Task requirements ->
After locating the line with "فایل لایه باز" in the entries below, output it and each following line up to and including the line with "Горбатюк, С. М.", exactly and without pictures.

Data shown ->
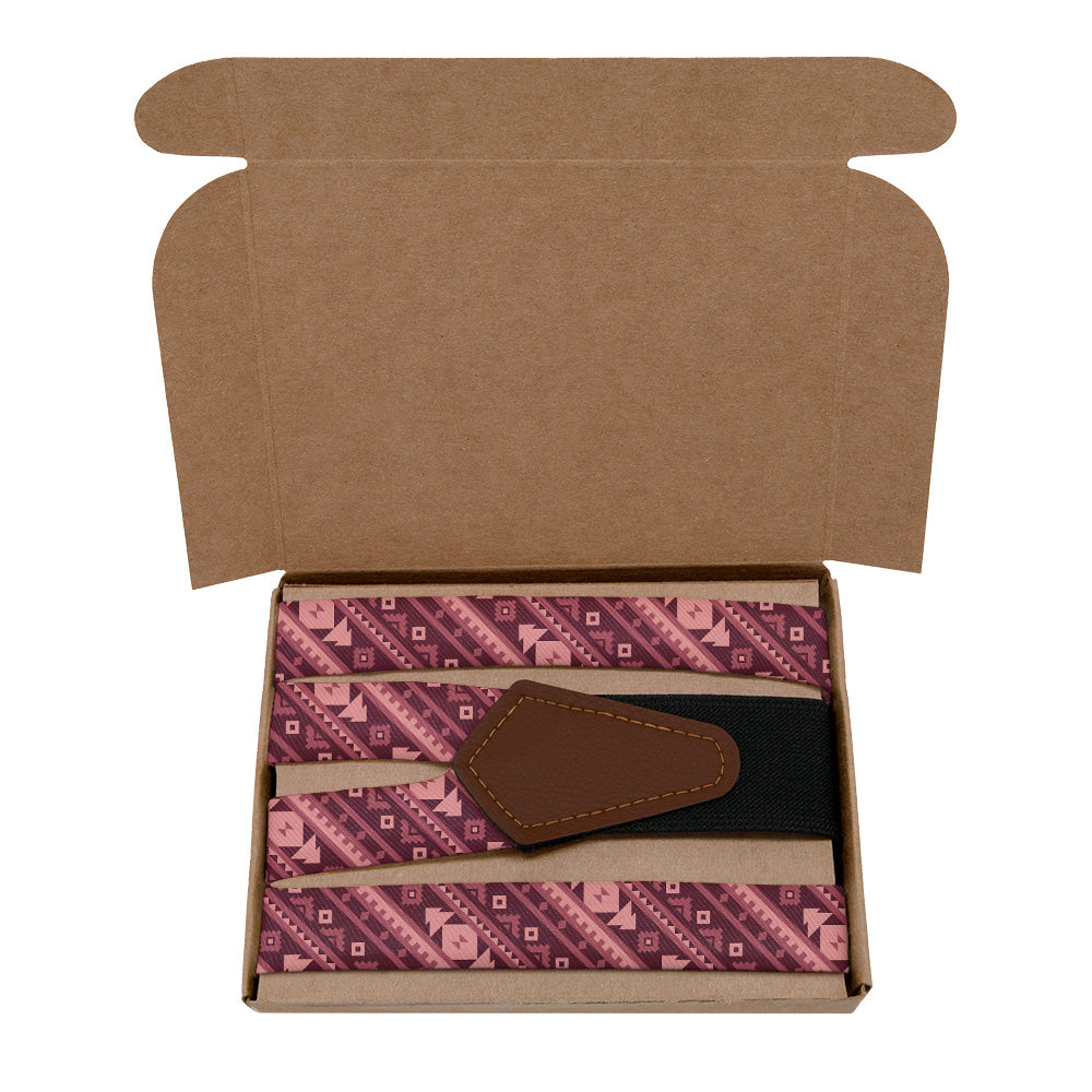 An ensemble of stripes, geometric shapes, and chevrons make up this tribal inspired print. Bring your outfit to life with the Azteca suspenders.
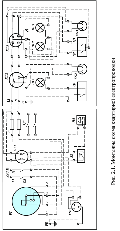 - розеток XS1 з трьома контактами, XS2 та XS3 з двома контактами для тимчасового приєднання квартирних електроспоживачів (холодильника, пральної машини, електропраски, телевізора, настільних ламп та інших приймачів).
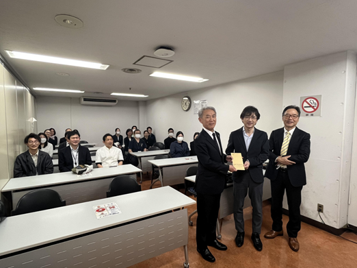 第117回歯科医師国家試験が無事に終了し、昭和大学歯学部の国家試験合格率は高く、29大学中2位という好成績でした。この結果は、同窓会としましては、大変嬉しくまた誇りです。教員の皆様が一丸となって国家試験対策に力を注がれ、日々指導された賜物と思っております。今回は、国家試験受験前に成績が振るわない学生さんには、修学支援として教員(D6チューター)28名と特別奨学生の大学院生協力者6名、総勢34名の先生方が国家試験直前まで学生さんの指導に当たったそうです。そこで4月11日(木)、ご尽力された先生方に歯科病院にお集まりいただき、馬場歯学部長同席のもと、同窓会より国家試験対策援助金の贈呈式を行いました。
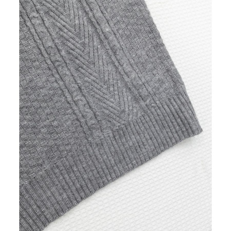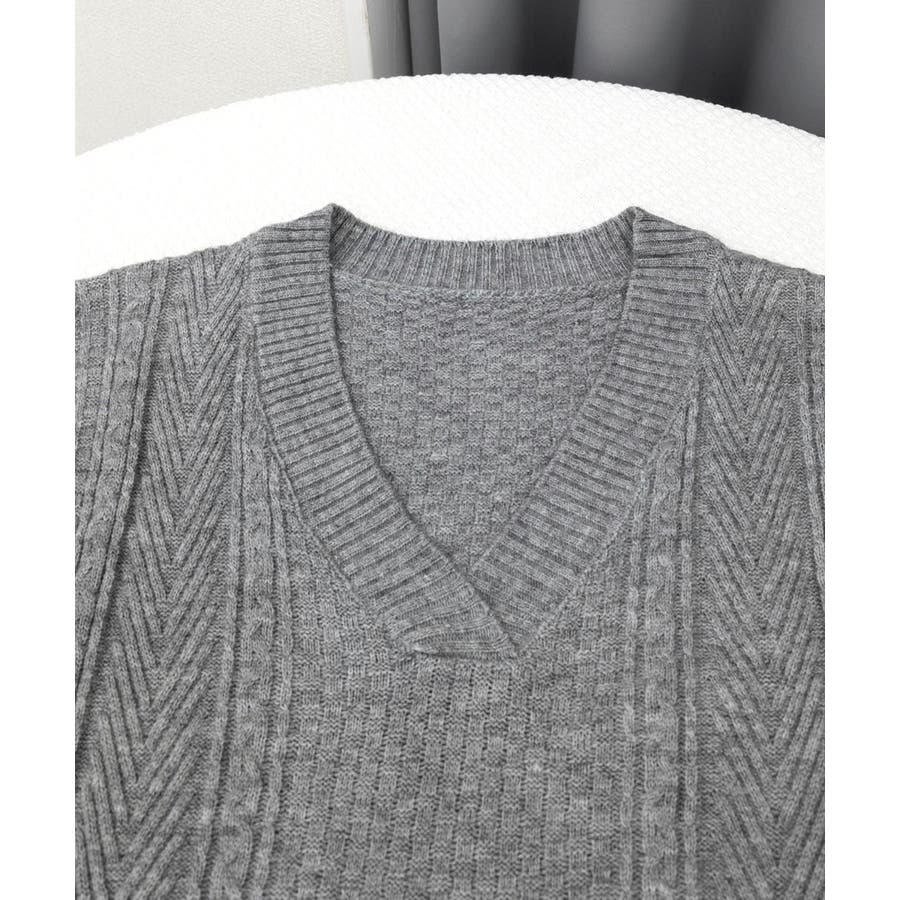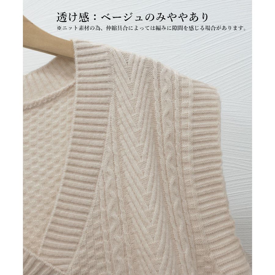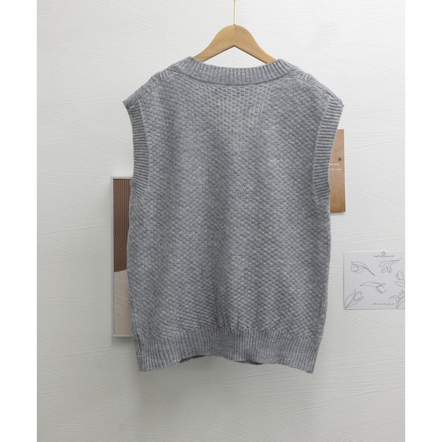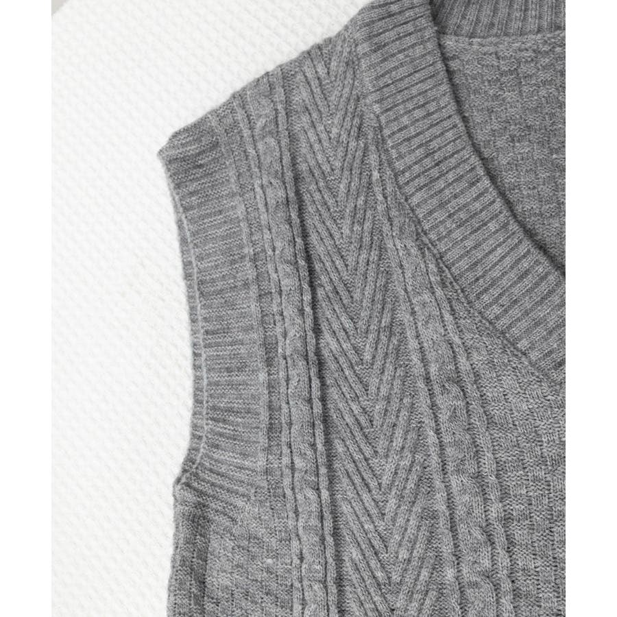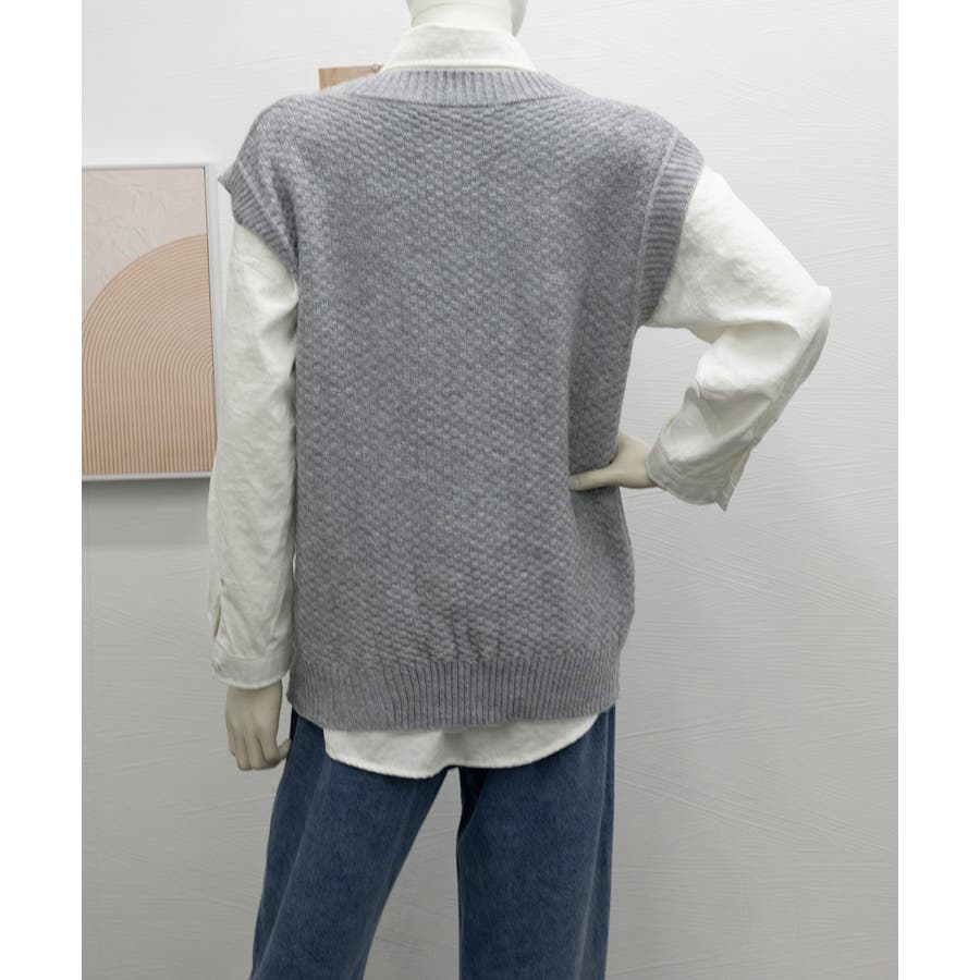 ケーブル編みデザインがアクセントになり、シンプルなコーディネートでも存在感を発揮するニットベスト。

--

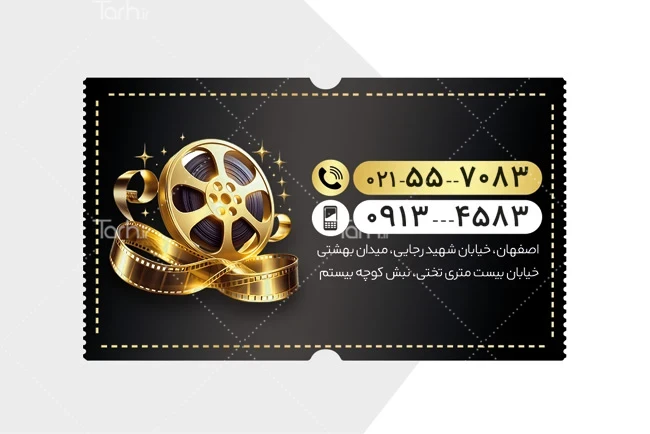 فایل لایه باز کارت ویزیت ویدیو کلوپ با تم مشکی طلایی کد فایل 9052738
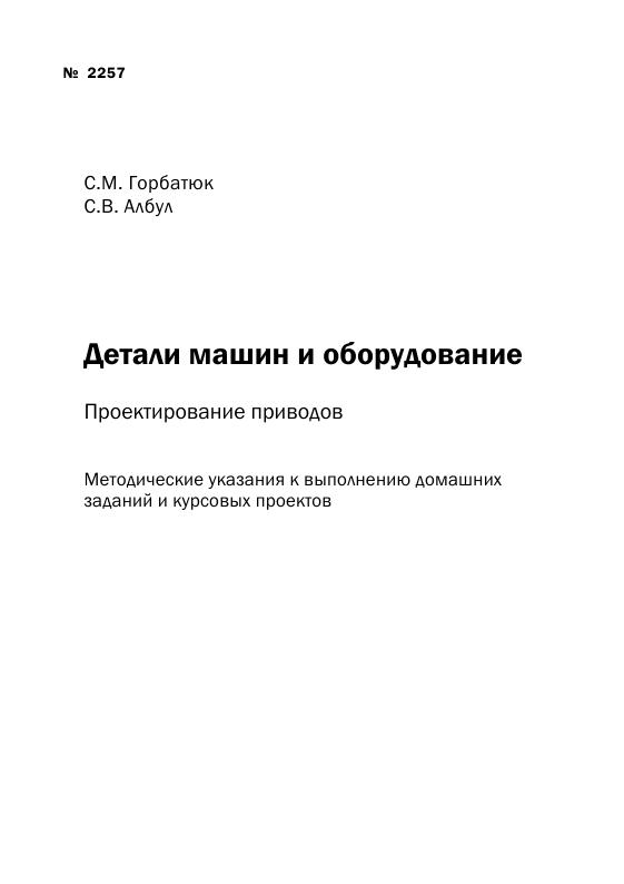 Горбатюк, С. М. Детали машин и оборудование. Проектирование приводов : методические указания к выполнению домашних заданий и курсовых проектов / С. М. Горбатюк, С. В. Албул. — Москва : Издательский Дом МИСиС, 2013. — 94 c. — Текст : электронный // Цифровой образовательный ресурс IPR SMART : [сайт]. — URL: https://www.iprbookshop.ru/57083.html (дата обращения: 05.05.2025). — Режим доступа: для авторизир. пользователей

Solved exercise ->
 فایل لایه باز کارت ویزیت ویدیو کلوپ با تم مشکی طلایی کد فایل 9052738
 Горбатюк, С. М. Детали машин и оборудование. Проектирование приводов : методические указания к выполнению домашних заданий и курсовых проектов / С. М. Горбатюк, С. В. Албул. — Москва : Издательский Дом МИСиС, 2013. — 94 c. — Текст : электронный // Цифровой образовательный ресурс IPR SMART : [сайт]. — URL: https://www.iprbookshop.ru/57083.html (дата обращения: 05.05.2025). — Режим доступа: для авторизир. пользователей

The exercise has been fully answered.